So a couple death scenes come and go with no dramatic tension besides the fun of identifying which Italian crime score Mike has plundered yet again. One particular combat sequence has the worst editing and choreography of any action scene outside of high school plays. I thought the out-of-focus shots during this karate match were poor photography, but now I know Martinez was trying to blur his inept actors and phony punches. We then move on to the best scene of the movie: a college campus massacre. Could have used some blood, then again this movie could have used a script. On to some really great locations in the snow now, and the sequence with masked soldiers surrounding George Thompson in the abandoned factory is easily the most tense in the entire picture, this in part due to the lack of music, great sound design and decent (or maybe I should say non-cringing) acting from Thompson for once. With a tape now in his possession, he returns to a frosty apartment complex and forces his way into some stupid tart's house to watch it. She can't act for heck either and she's quickly shot down by a platoon of gunfire with nary a squirt of blood. Very convincing again, Mike.
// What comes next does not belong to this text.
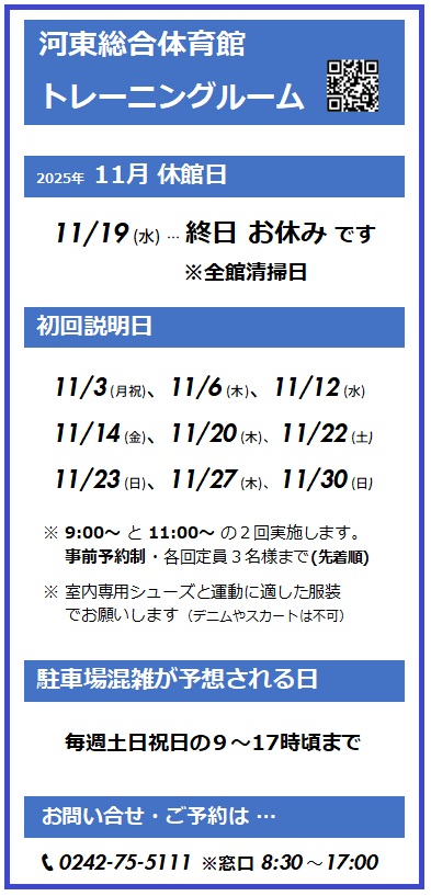 河東総合体育館 TEL 0242-75-5111 受付時間 8:30~17:00
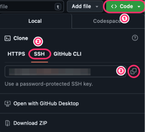 SSHをクリック後、③をクリックしてコピー

An enraged new gunfight take place in which the credits proudly proclaim 44 humans were killed (like anyone gives a rat's fanny) and the protagonist wakes up in a frightening plot twist that may seem cool for anyone who hasn't seen Fight Club. So basically, it's cool for no-one. Gordon Mitchell shows up and he's underutilized in his not-so-great cameo, but compared to the rest of the hacks around him, it's a Daniel Day-Lewis performance.

On the plus side, it's fairly well-paced and somewhat ambitious even when considering it fails on so many levels.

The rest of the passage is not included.